Mr. Speaker, I am not sure if that was a question or a comment.
I enjoy the opportunity to answer my colleague's presentation. He talks about the Canadian family. I am talking about Canadian families, the root of our society.
I would like to reflect on what has happened in the last 20 years to Canadian families. In that time, especially in the last five years, youth violence has more than doubled. Real income, the amount of money a family has to support itself with, has dropped by some 6.5 per cent in the last five or six years because of taxation, because of government overspending and because of fiscal policies that are putting tremendous pressures on the people that are trying to hold this nation together.
Consider suicide rates.
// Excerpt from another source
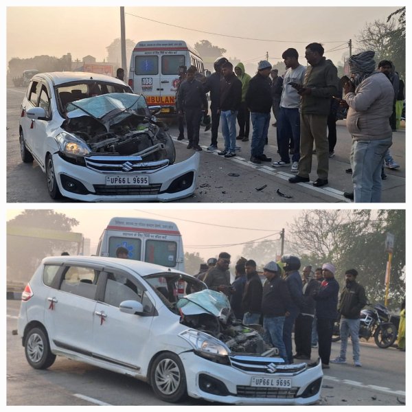 वाराणसी की तरफ से आ रही कार बस में पीछे से टकराई कार सवार तीन श्रद्धालु घायल

We have the third highest suicide rate among male youth in the world. The divorce rate has increased 10 times in the last 35 years and we are shuffling the chairs around on the deck saying: "We'll spend more money".
What are the priorities of Canadians? Is it their priority to find out what government can do or what they can do in job creation? We want to put the tools in the hands of Canadians so they can create the jobs. It is not what government can do, it is what Canadians can do. Government priorities should not be prompted by special interest groups, but what Canadian priorities are.
The Canadian priorities are that their families be strengthened and that they be given the instruments to create their own future. That is exactly what the government's fiscal policies, justice policies and social policies are stripping away from those families. I put that to the hon. member who made the comments.